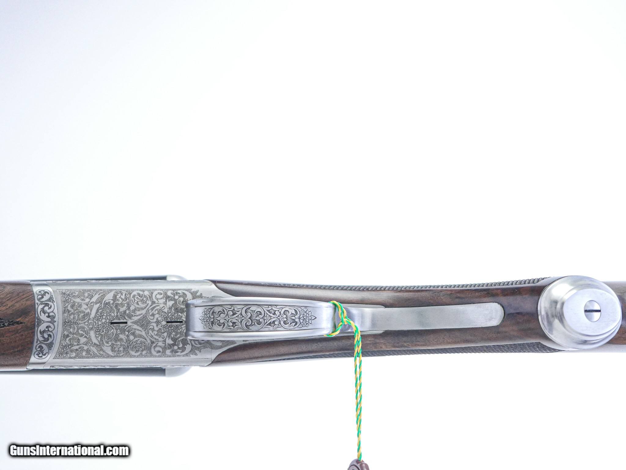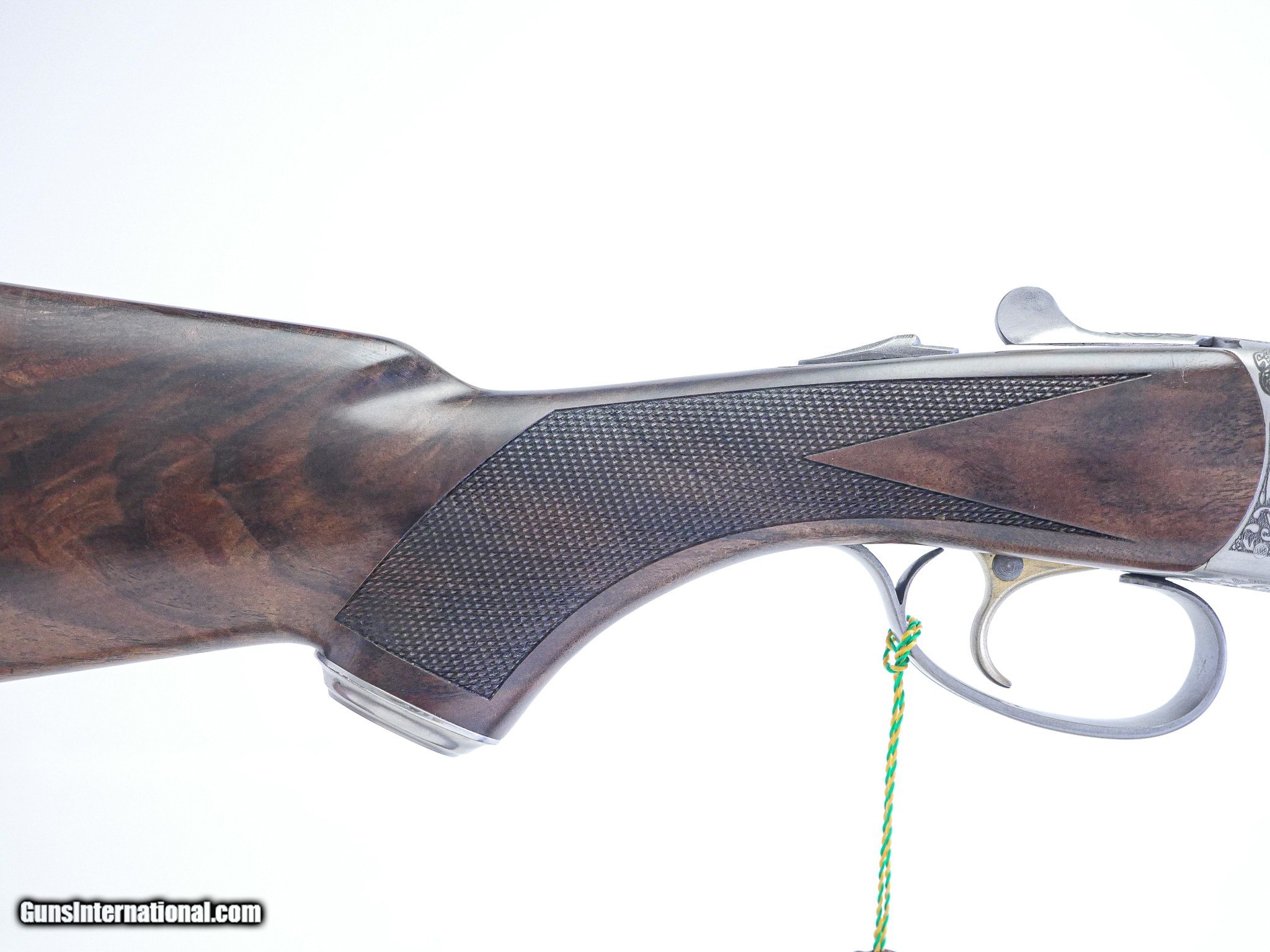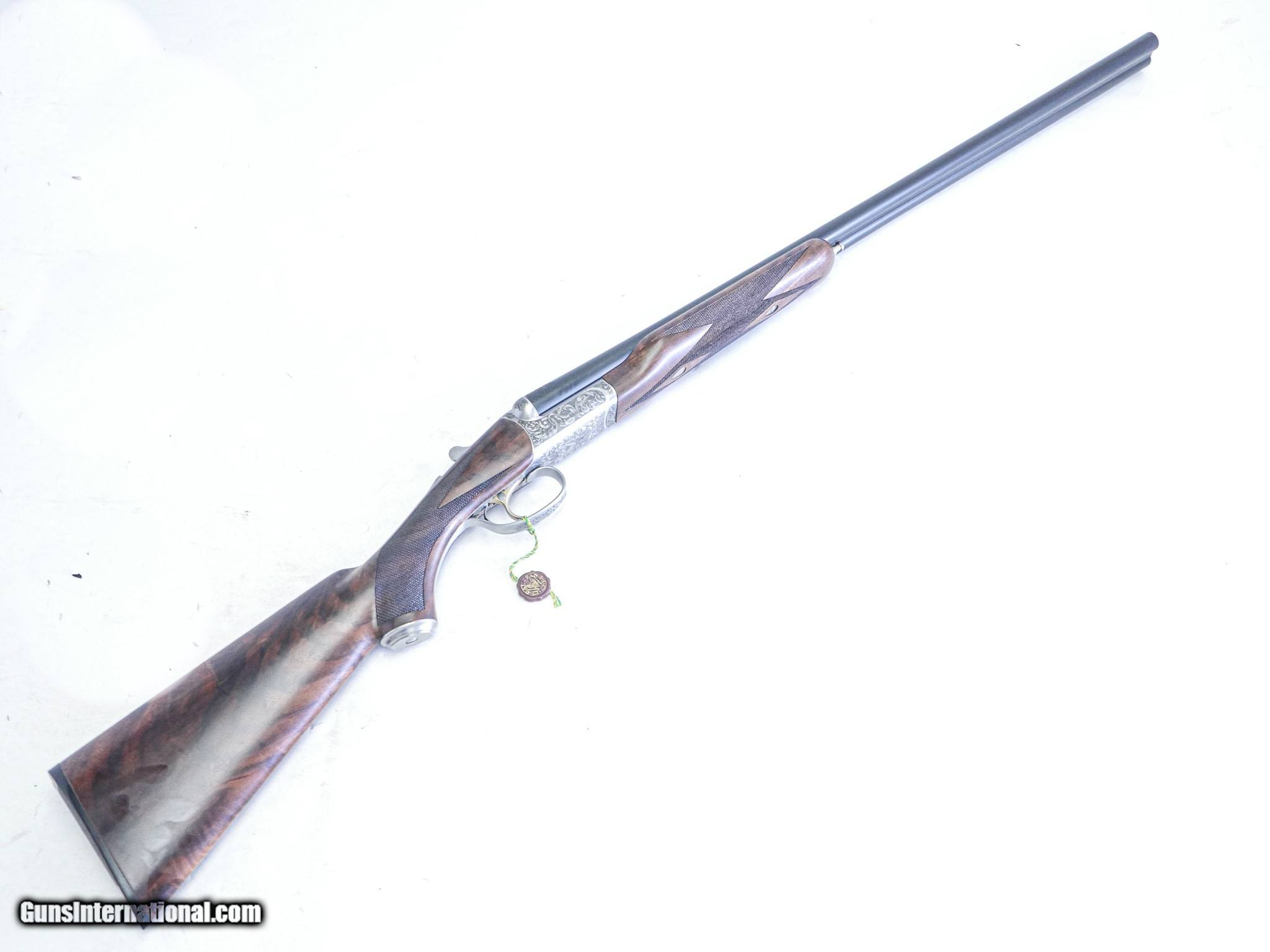 Description: CSMC - RBL, Launch Edition, 20ga. 28" Barrels. With screw-in hidden choke tubes, beautiful full feathercrotch exhibition American black walnut metal capped pistol grip stock, factory butt plate, beavertail forend, single selective trigger, automatic ejectors, London oil finish, solid game rib, full coverage ornamental scroll engraving pattern over a nitride finish, assisted opening, this gun is based on the time proven Anson & Deeley action and is proudly made in the United States by the master gunsmiths at Connecticut Shotgun Mfg. Co., the very best workmanship throughout , available for immediate delivery, trades welcomed. Base Price - $3,795.00, Options Include: Exhibition Wood - $900.00, Assisted Opener - $450.00, SST - $175.00, Beavertail Forend - $175.00, S & H - $50.00. Inv: 49515 6 lbs. 4 oz. 14 ¼” x 1 ½” x 2 1/4” $5,370.00 SOLD |
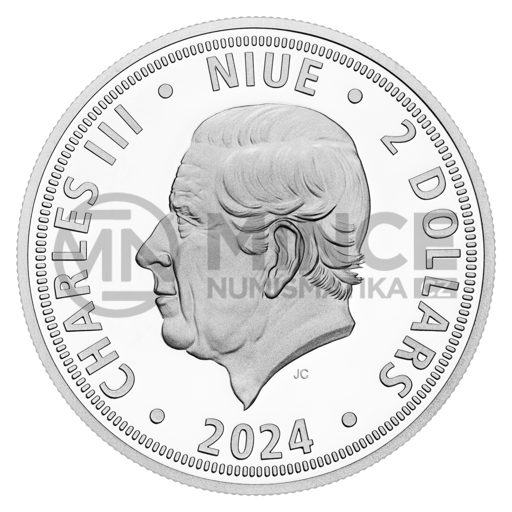 Reverzní straně mince vévodí český lev v realistickém podání a v živých barvách, který má na hlavě Svatováclavskou korunu. Doplňkovým motivem je orlice, jež je syntézou svatováclavského, moravského a slezského dravce. Nápis ČESKÁ REPUBLIKA je umístěn do klínu, který evokuje českou vlajku. Autorem reliéfu je již tradičně medailér Asamat Baltaev, DiS. Protože mince České mincovny vycházejí v licenci zahraničního emitenta, kterým je ostrov Niue, jejich averzní strana nese jeho nezbytné atributy – portrét krále Karla III., nominální hodnotu 2 DOLLARS (NZD) a rok emise 2024.
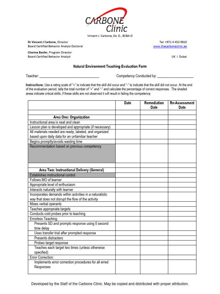 Natural Environment Teaching Evaluation Form
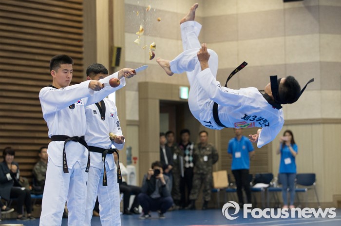 (서울=포커스뉴스) 19일 오후 서울 용산구 국방부 다목적홀에서 국방부 태권도 시범단이 한국문화 체험행사에 참가한 주한미군 장병들에게 시범을 선보이고 있다.
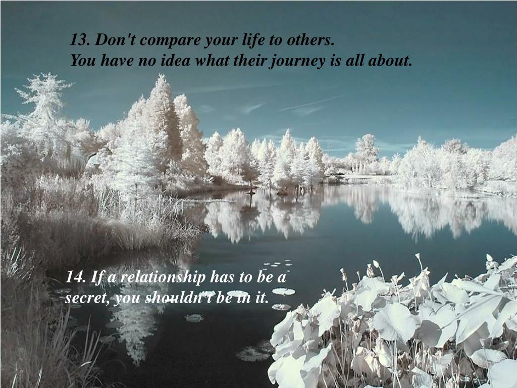 13. Don't compare your life to others. You have no idea what their journey is all about. 14. If a relationship has to be a secret, you shouldn't be in it.
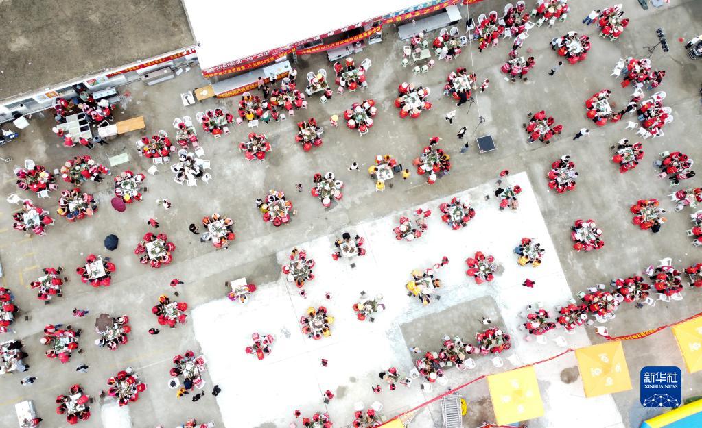 6月20日,在山東省臨沂市蘭山區方城鎮,數十個村子的上千人參加包粽子比賽(無人機照片)。
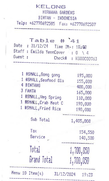 貝「Gong, gong」は19万5000インドネシアルピアなので2000円。けっこう高いか?ビンタンビール4本で40万インドネシアルピア=1本1000円、ファンタ3本(怒怒怒)、貝とか飲み物は高く感じるけど、食べ物はホテルよりは安い印象です。合計で170万インドネシアルピア=1万7000円高いなー。15年前からどれぐらい物価が変わっているんでしょうね?貝は「ぼんぼん」と聞き取っていたけどつづりは「Gong, Gong」だな・・・・
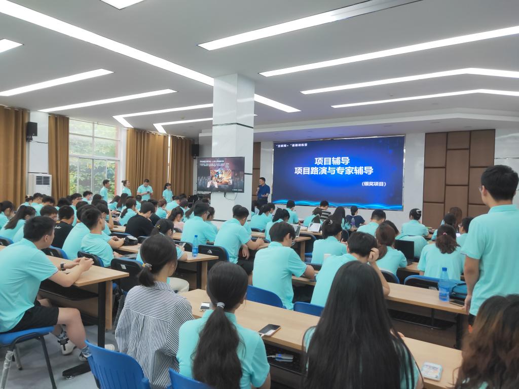 下午,训练营组织校赛银奖项目团队在创业园207报告厅进行路演和项目辅导。创新创业教育学院副院长杨建军、土木学院党委副书记黄阿明、电气学院党委副书记任艮丰、设计艺术学院党委副书记万馨,材料学院博士贺浩担任指导老师,就项目的核心竞争力、市场份额预测、团队介绍、参赛组别等方面对项目进行点评和指导。校赛金奖项目在科技报告厅进行观看第六届中国“互联网+”创新创业大赛总决赛冠军争夺赛视频。(文/何若云 图/符琳曼 审核/常晗)
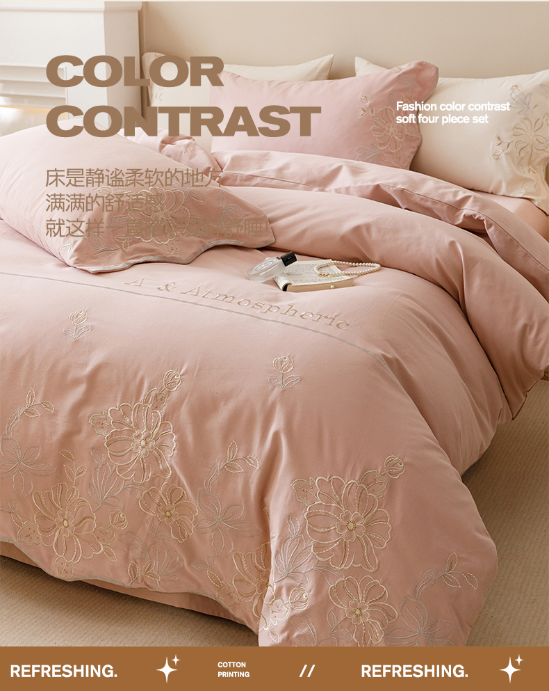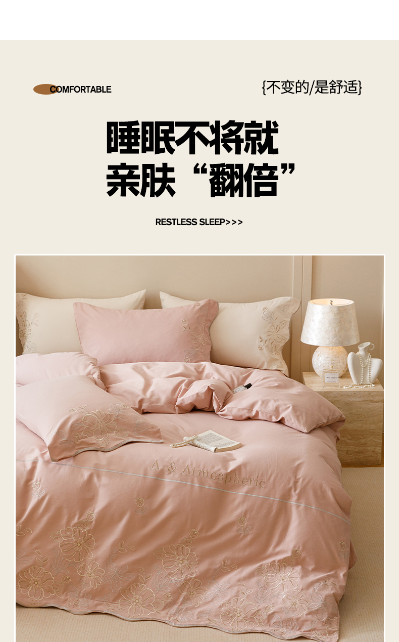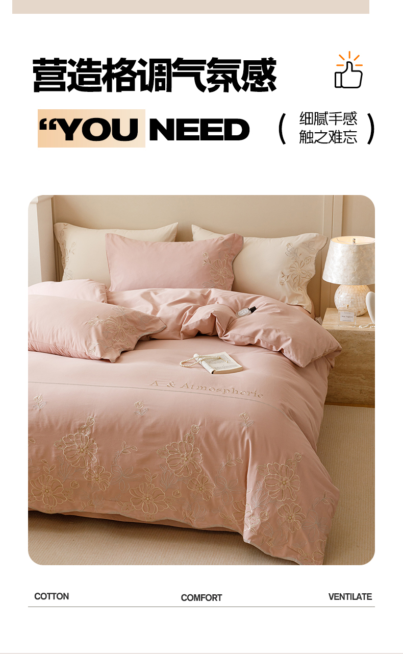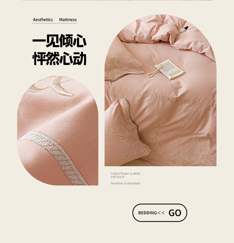 (总)艾莱家纺 2025新款A类精梳纯棉刺绣花四件套-赫柏,赫柏-橙夕,赫柏-花田米,赫柏-浅粉,赫柏-夜绿

*WORK TO BE COMPLETED*: Please reproduce the entries from above exactly; images are not part of the copy.

*EXPECTED ANSWER*:
 Description: CSMC - RBL, Launch Edition, 20ga. 28" Barrels. With screw-in hidden choke tubes, beautiful full feathercrotch exhibition American black walnut metal capped pistol grip stock, factory butt plate, beavertail forend, single selective trigger, automatic ejectors, London oil finish, solid game rib, full coverage ornamental scroll engraving pattern over a nitride finish, assisted opening, this gun is based on the time proven Anson & Deeley action and is proudly made in the United States by the master gunsmiths at Connecticut Shotgun Mfg. Co., the very best workmanship throughout , available for immediate delivery, trades welcomed. Base Price - $3,795.00, Options Include: Exhibition Wood - $900.00, Assisted Opener - $450.00, SST - $175.00, Beavertail Forend - $175.00, S & H - $50.00. Inv: 49515 6 lbs. 4 oz. 14 ¼” x 1 ½” x 2 1/4” $5,370.00 SOLD |
 Reverzní straně mince vévodí český lev v realistickém podání a v živých barvách, který má na hlavě Svatováclavskou korunu. Doplňkovým motivem je orlice, jež je syntézou svatováclavského, moravského a slezského dravce. Nápis ČESKÁ REPUBLIKA je umístěn do klínu, který evokuje českou vlajku. Autorem reliéfu je již tradičně medailér Asamat Baltaev, DiS. Protože mince České mincovny vycházejí v licenci zahraničního emitenta, kterým je ostrov Niue, jejich averzní strana nese jeho nezbytné atributy – portrét krále Karla III., nominální hodnotu 2 DOLLARS (NZD) a rok emise 2024.
 Natural Environment Teaching Evaluation Form
 (서울=포커스뉴스) 19일 오후 서울 용산구 국방부 다목적홀에서 국방부 태권도 시범단이 한국문화 체험행사에 참가한 주한미군 장병들에게 시범을 선보이고 있다.
 13. Don't compare your life to others. You have no idea what their journey is all about. 14. If a relationship has to be a secret, you shouldn't be in it.
 6月20日,在山東省臨沂市蘭山區方城鎮,數十個村子的上千人參加包粽子比賽(無人機照片)。
 貝「Gong, gong」は19万5000インドネシアルピアなので2000円。けっこう高いか?ビンタンビール4本で40万インドネシアルピア=1本1000円、ファンタ3本(怒怒怒)、貝とか飲み物は高く感じるけど、食べ物はホテルよりは安い印象です。合計で170万インドネシアルピア=1万7000円高いなー。15年前からどれぐらい物価が変わっているんでしょうね?貝は「ぼんぼん」と聞き取っていたけどつづりは「Gong, Gong」だな・・・・
 下午,训练营组织校赛银奖项目团队在创业园207报告厅进行路演和项目辅导。创新创业教育学院副院长杨建军、土木学院党委副书记黄阿明、电气学院党委副书记任艮丰、设计艺术学院党委副书记万馨,材料学院博士贺浩担任指导老师,就项目的核心竞争力、市场份额预测、团队介绍、参赛组别等方面对项目进行点评和指导。校赛金奖项目在科技报告厅进行观看第六届中国“互联网+”创新创业大赛总决赛冠军争夺赛视频。(文/何若云 图/符琳曼 审核/常晗)
 (总)艾莱家纺 2025新款A类精梳纯棉刺绣花四件套-赫柏,赫柏-橙夕,赫柏-花田米,赫柏-浅粉,赫柏-夜绿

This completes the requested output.